兵庫県は、県が実施する各種の統計調査を有効活用するための付属機関「統計委員会」を設置し、このほど初会合を開いた。学識経験者らで構成し、より精度を高める手法や、利用しやすい公開の仕方などを検討していく。
 県は県民意識、観光客動態など、30近い統計調査を実施している。本年度、統計の幅広い活用を目的とした統計調査条例を施行したのに合わせ、具体策を話し合うための委員会設置を決めた。委員は学者やシンクタンク関係者ら5人で構成。具体的には、より精度を高める必要がある「県基幹統計調査」を指定するほか、情報開示の審議、統計の効率的な実施や集計結果の利用のしかたを検討する。
 初会合では、委員から「ボランティアや地域ビジネスなど、実態が見えにくい分野の統計データがほしい」「実感が持てるような見せ方の工夫が必要」「教育現場に提供を」などの意見が出された。年2回程度開催し、今後の統計調査に反映させる。(佐伯竜一)

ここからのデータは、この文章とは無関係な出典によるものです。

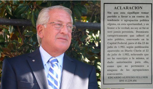 Tras una convocatoria pública, difundida en la edición del 22 de julio de 1982 en el diario Clarín, en donde se anticipaba un acto de homenaje conjunto a Simón Bolívar y Juan Domingo Perón, se hizo pública la solicitada en donde Eduardo Fellner rechazaba en forma categórica su participación en dicha actividad y dejaba sentado que nunca pertenecería a las filas de los “descamisados” de Juan y Eva Perón.

同記事では,兵庫県において設置された「統計委員会」を開催されたことを紹介.同委員会については,同県HPを参照*1
同委員会は,同県の付属機関条例第1条に基づき設置.同県の「統計調査条例」による「県統計調査の実施及び結果の利用に関する重要事項の調査審議に関する事務」*2を担当.2009年4月1日から施行された,同県統計調査条例第3条によると,「知事等」が「県基幹統計調査」を「指定」する場合に同委員会「の意見を聴かなければならない」*3とされている.基幹統計の指定の調査審議等を所掌し,「司令塔機能の中核」*4を担うともされる,内閣府に置かれる統計委員会と同様に,同委員会,兵庫県における統計行政上の「司令塔機能」の一つといえそう.一方で,新たな統計需要に対する指定のみならず,あわせて,現行統計調査の「総量規制」*5を同委員会において審議されるのかもまた,要経過観察.
内閣府の統計委員会による答申では,「基幹統計を作成する際の地方公共団体における事務は,法定受託事務として規定されるなど,基幹統計の作成において,地方公共団体は重要な役割を担っているとともに,基幹統計の結果は,地方公共団体の行政運営にとっても重要である」*6との認識とともに,「基幹統計の整備に当たっては,国の責任で作成することを前提に,国と地方公共団体相互の協力及び適切な役割分担の下に,協働して取り組むことが必要不可欠である」(28頁)との見解が示されている.このような国から「協力」「適切な役割分担」「協働」への提案に対して,その諾否等に対して,同県のような委員会において,現行の審議対象である同県における「基幹統計」の指定とともに,審議が行われると,さらに興味深そう.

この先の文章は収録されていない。